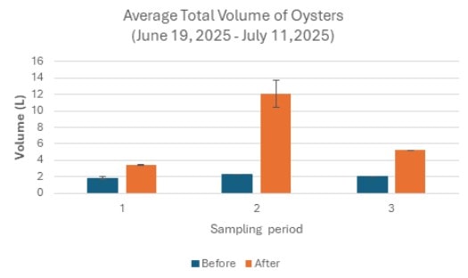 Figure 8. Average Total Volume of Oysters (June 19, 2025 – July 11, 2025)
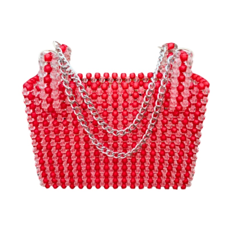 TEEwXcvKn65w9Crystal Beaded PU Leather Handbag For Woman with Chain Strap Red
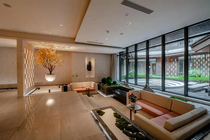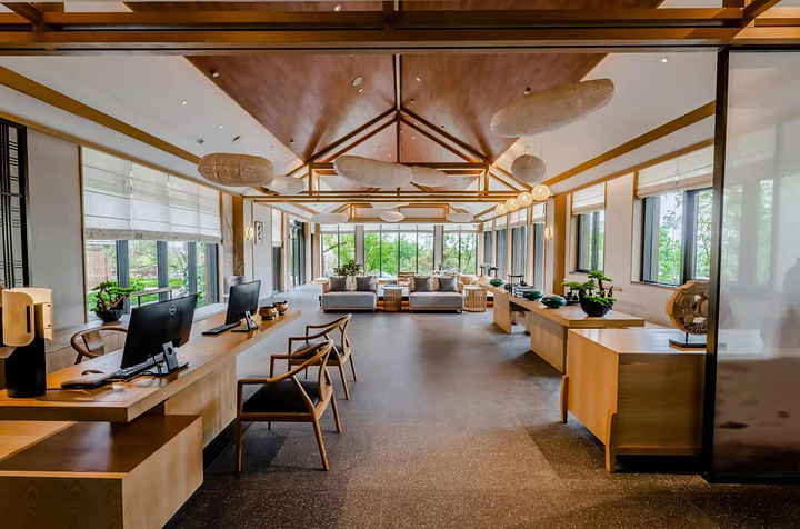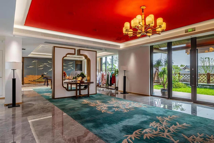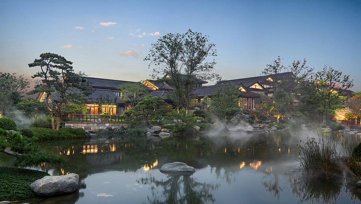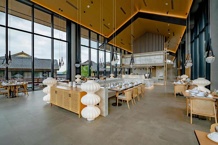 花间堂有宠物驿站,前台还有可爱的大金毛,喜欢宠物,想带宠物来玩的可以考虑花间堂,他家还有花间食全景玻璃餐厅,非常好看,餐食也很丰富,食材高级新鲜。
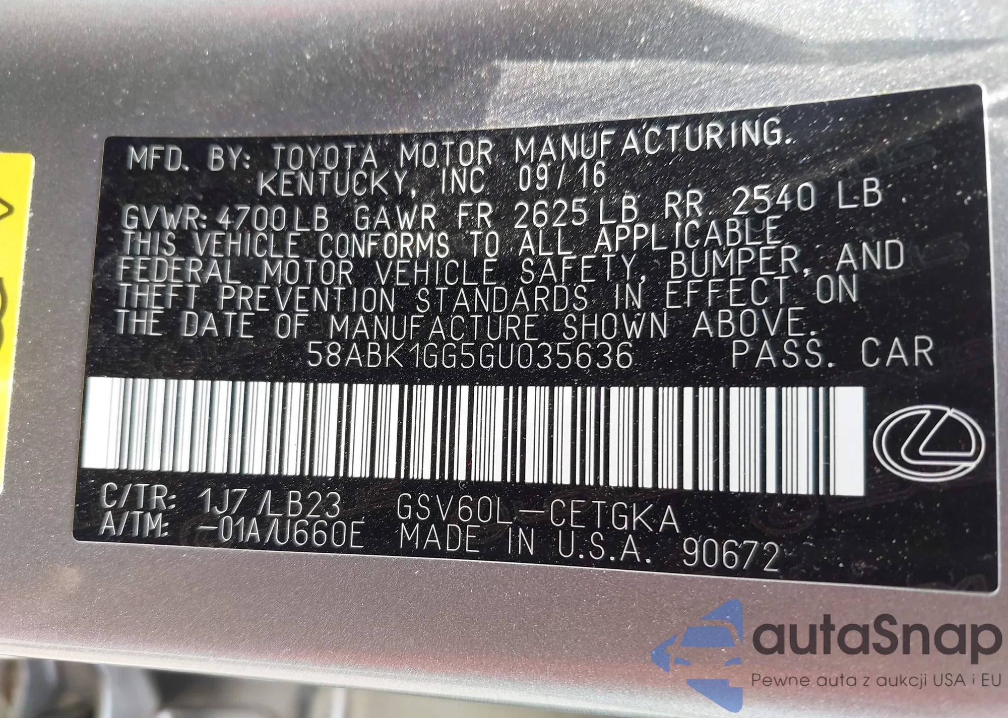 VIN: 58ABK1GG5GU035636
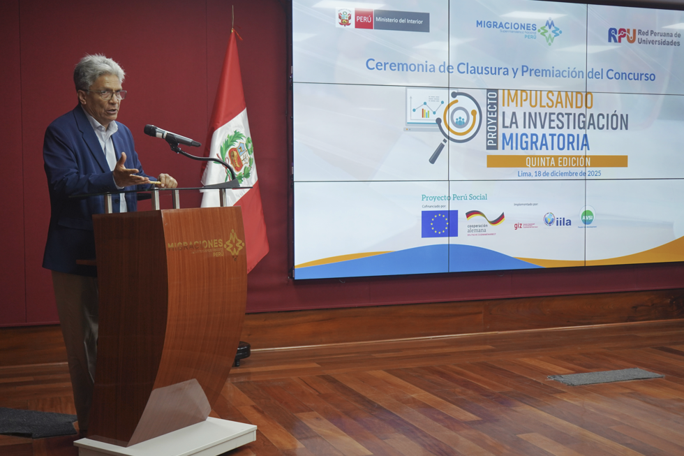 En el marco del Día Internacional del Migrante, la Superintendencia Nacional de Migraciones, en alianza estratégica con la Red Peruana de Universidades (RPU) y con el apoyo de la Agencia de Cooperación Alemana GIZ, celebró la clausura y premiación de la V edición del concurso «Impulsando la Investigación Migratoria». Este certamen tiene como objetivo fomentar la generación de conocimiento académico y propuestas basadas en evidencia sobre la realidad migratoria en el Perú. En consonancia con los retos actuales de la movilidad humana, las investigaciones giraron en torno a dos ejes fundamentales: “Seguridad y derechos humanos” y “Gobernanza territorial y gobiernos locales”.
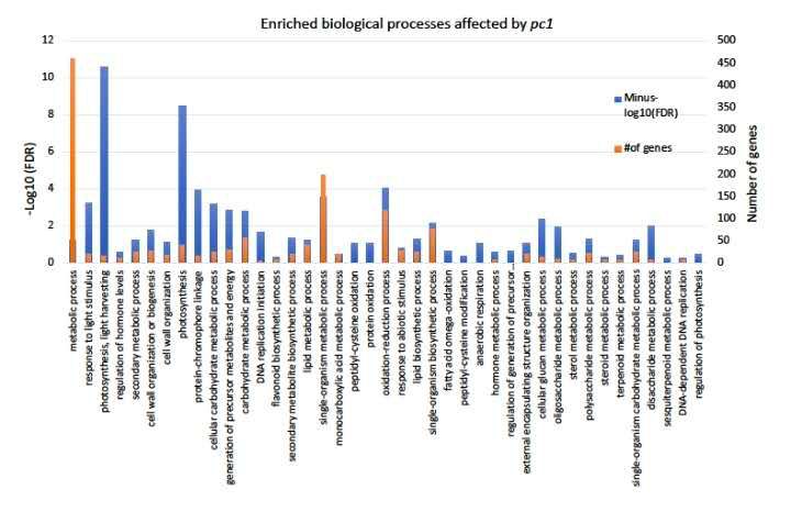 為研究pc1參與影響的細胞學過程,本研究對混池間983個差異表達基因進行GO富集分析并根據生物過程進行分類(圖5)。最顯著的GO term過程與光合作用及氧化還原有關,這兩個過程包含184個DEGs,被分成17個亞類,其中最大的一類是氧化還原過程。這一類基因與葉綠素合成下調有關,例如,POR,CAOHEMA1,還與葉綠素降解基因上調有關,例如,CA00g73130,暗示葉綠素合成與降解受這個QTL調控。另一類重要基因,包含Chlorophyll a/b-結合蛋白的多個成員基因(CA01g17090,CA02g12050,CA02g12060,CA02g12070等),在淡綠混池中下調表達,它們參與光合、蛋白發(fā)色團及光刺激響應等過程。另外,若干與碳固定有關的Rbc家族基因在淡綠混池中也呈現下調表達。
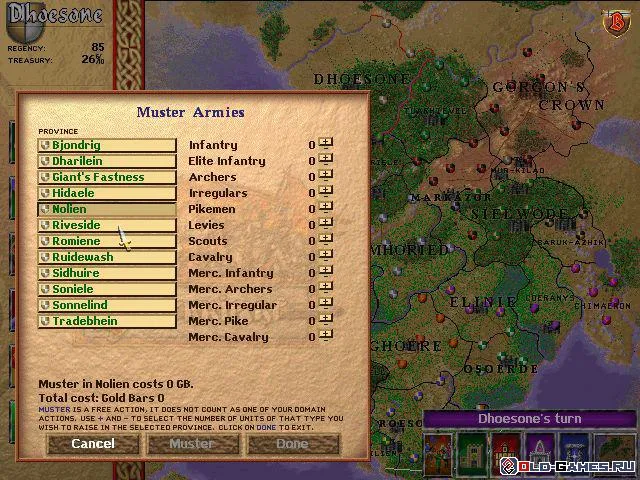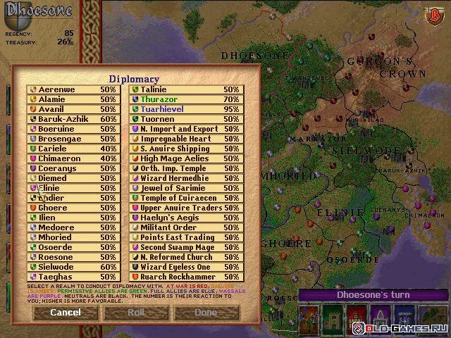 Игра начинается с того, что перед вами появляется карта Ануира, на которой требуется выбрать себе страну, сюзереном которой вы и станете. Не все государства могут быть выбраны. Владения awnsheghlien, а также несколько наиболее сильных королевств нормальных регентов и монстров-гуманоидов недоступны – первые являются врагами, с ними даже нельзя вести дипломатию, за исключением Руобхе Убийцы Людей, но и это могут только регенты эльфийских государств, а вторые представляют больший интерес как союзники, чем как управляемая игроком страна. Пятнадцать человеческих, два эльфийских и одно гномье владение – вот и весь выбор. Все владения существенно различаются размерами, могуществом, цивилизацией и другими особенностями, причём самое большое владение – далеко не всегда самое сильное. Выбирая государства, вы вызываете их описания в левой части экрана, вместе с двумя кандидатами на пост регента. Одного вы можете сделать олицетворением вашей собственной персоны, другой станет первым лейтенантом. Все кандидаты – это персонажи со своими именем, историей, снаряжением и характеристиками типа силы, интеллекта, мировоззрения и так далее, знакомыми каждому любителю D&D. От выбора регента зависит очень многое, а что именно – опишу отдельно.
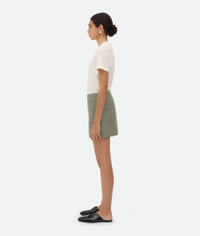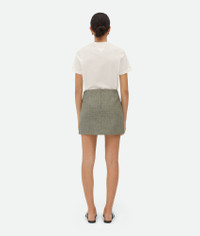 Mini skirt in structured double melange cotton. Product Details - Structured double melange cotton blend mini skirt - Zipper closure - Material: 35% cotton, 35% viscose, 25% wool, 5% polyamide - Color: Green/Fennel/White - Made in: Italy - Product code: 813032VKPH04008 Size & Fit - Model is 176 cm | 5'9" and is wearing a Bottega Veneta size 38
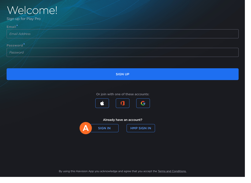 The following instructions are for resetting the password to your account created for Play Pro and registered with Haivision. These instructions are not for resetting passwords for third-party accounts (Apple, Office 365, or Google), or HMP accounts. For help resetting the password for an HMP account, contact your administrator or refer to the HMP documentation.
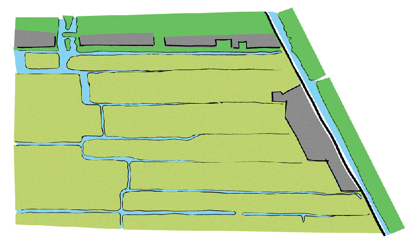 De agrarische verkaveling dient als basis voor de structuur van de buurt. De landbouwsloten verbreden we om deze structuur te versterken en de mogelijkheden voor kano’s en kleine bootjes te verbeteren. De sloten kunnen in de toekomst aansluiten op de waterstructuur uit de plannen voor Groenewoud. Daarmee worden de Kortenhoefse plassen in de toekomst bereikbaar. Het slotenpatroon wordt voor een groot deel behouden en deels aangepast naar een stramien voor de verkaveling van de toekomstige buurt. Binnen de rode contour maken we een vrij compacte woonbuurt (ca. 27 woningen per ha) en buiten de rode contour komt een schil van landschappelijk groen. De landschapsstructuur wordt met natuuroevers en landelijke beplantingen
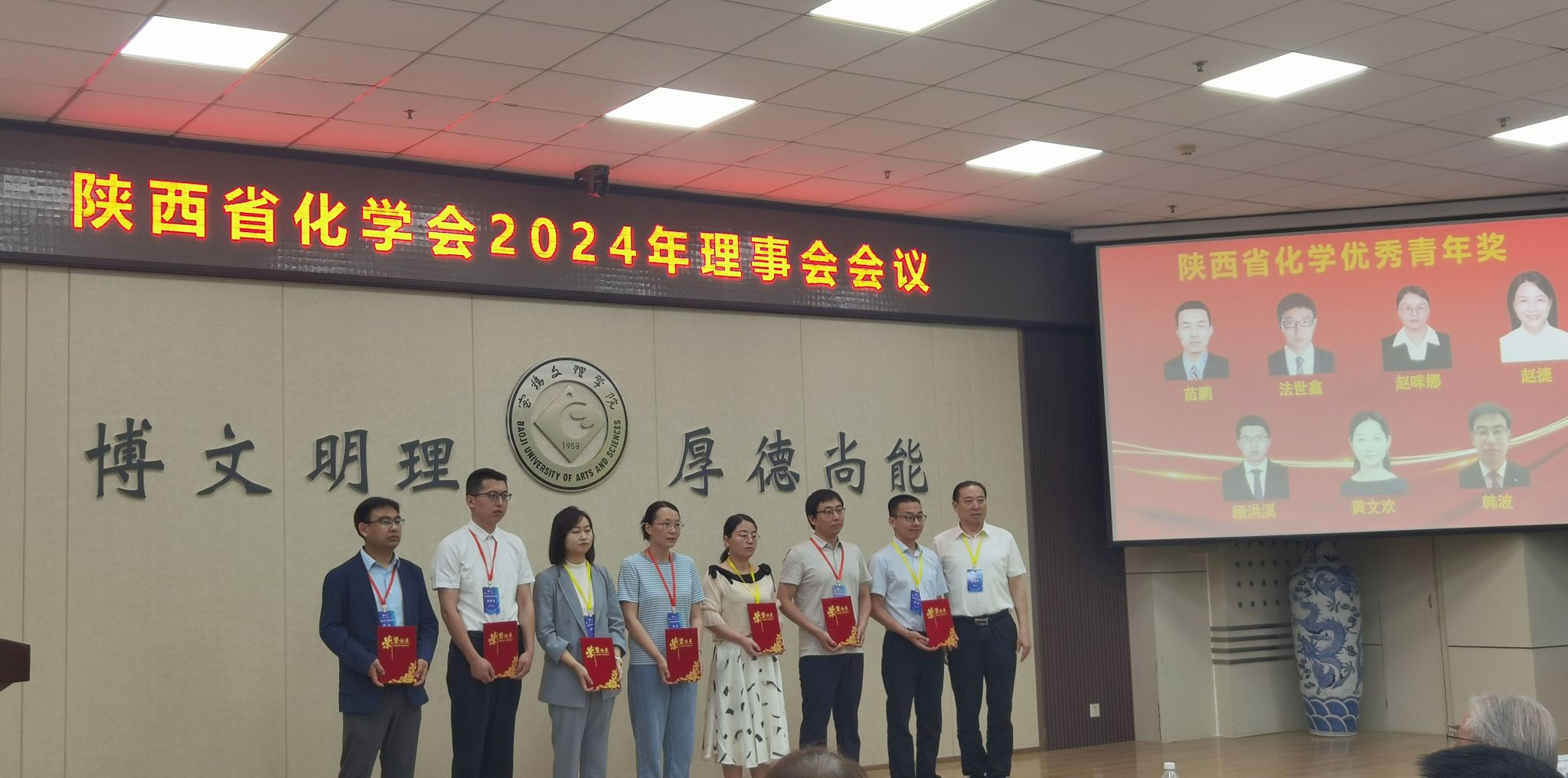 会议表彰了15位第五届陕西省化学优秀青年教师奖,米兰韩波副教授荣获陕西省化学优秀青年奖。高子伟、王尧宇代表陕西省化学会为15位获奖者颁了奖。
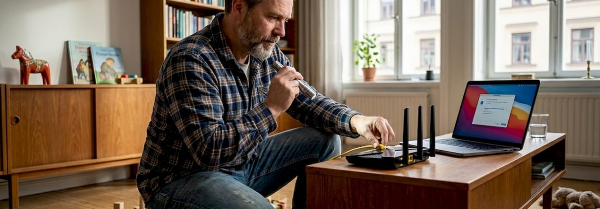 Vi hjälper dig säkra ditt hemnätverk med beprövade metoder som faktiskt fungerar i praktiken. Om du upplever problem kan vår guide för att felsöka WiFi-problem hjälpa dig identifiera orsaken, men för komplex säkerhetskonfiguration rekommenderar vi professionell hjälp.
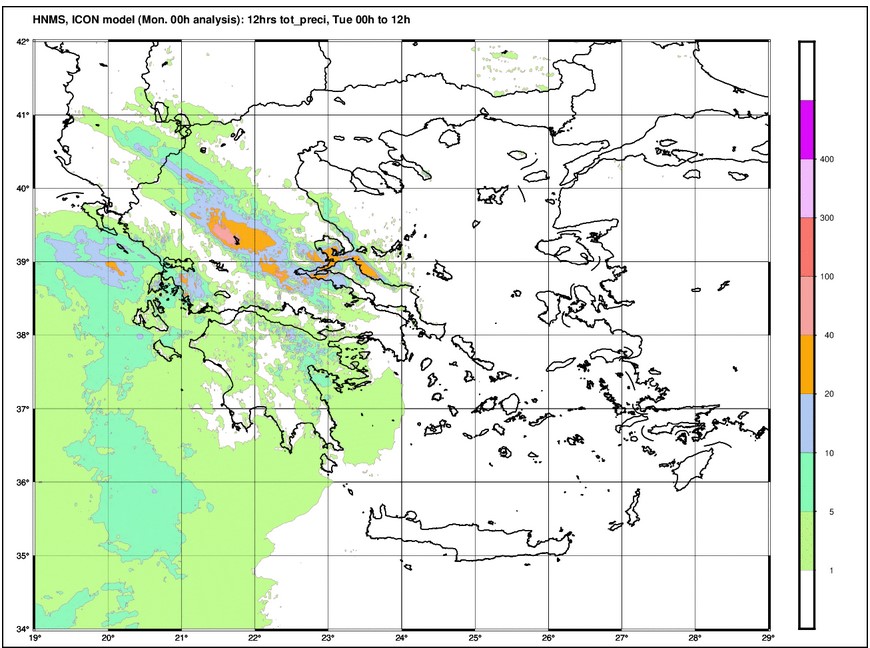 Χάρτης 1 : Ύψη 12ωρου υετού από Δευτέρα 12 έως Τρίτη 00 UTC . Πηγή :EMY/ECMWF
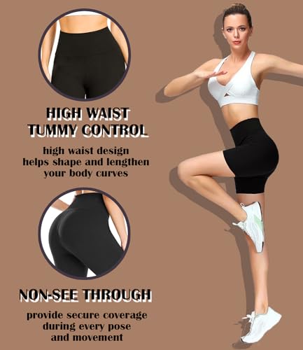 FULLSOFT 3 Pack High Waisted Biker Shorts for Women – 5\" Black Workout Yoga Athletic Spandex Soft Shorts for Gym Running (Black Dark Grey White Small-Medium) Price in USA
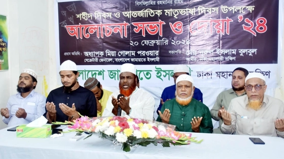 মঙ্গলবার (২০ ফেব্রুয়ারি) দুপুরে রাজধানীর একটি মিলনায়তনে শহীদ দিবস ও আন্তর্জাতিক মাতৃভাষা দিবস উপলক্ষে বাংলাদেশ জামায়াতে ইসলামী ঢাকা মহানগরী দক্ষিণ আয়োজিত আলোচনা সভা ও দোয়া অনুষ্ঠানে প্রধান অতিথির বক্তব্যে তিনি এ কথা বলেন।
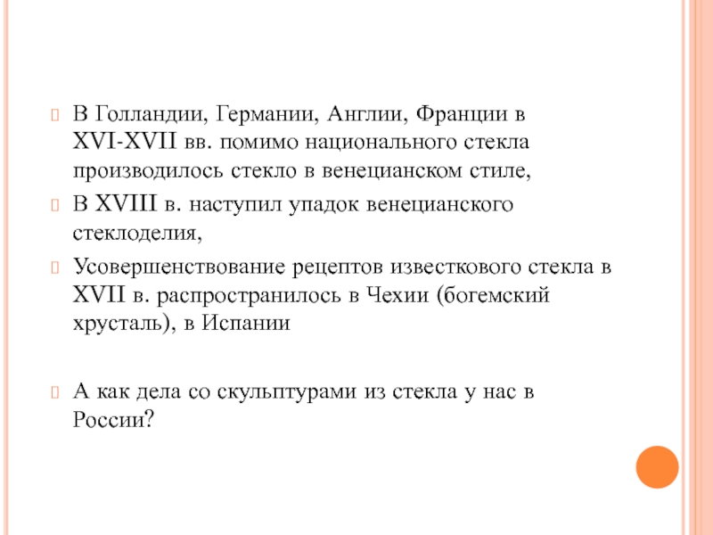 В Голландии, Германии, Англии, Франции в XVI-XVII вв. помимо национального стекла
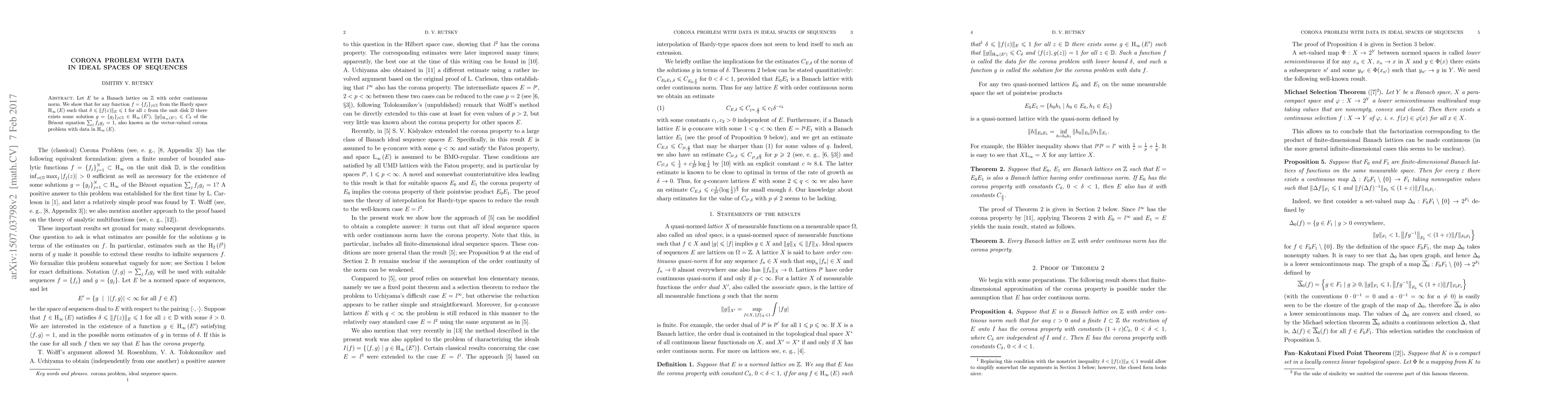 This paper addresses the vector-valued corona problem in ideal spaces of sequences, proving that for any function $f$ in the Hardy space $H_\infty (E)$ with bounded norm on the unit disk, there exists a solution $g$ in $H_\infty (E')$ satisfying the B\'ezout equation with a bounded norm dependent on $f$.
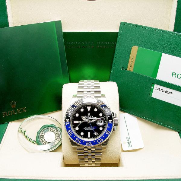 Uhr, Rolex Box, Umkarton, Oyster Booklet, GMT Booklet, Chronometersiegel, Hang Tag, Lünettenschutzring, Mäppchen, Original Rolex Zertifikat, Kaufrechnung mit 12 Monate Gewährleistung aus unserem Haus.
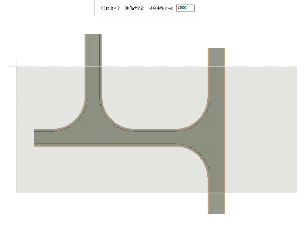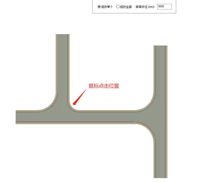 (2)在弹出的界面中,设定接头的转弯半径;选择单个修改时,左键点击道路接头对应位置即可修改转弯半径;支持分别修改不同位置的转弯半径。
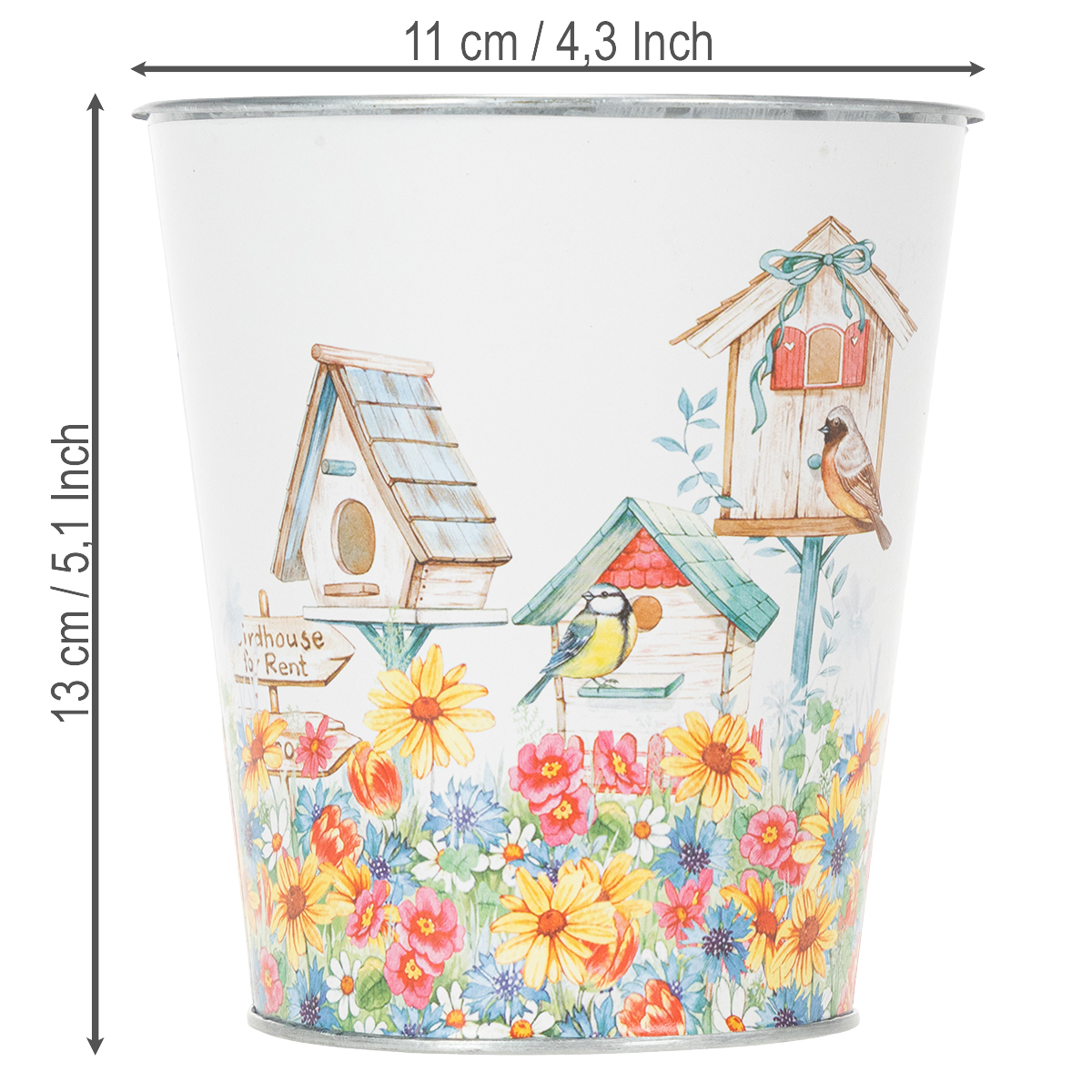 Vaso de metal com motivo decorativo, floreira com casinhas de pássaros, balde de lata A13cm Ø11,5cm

■ **Exercise objective**
Skipping every picture, transcribe exactly the lines above from the one containing "মঙ্গলবার (২০ ফেব্রুয়ারি)" through the one containing "(2)在弹出的界面中,设定接", both included.

■ **Task answer**
 মঙ্গলবার (২০ ফেব্রুয়ারি) দুপুরে রাজধানীর একটি মিলনায়তনে শহীদ দিবস ও আন্তর্জাতিক মাতৃভাষা দিবস উপলক্ষে বাংলাদেশ জামায়াতে ইসলামী ঢাকা মহানগরী দক্ষিণ আয়োজিত আলোচনা সভা ও দোয়া অনুষ্ঠানে প্রধান অতিথির বক্তব্যে তিনি এ কথা বলেন।
 В Голландии, Германии, Англии, Франции в XVI-XVII вв. помимо национального стекла
 This paper addresses the vector-valued corona problem in ideal spaces of sequences, proving that for any function $f$ in the Hardy space $H_\infty (E)$ with bounded norm on the unit disk, there exists a solution $g$ in $H_\infty (E')$ satisfying the B\'ezout equation with a bounded norm dependent on $f$.
 Uhr, Rolex Box, Umkarton, Oyster Booklet, GMT Booklet, Chronometersiegel, Hang Tag, Lünettenschutzring, Mäppchen, Original Rolex Zertifikat, Kaufrechnung mit 12 Monate Gewährleistung aus unserem Haus.
 (2)在弹出的界面中,设定接头的转弯半径;选择单个修改时,左键点击道路接头对应位置即可修改转弯半径;支持分别修改不同位置的转弯半径。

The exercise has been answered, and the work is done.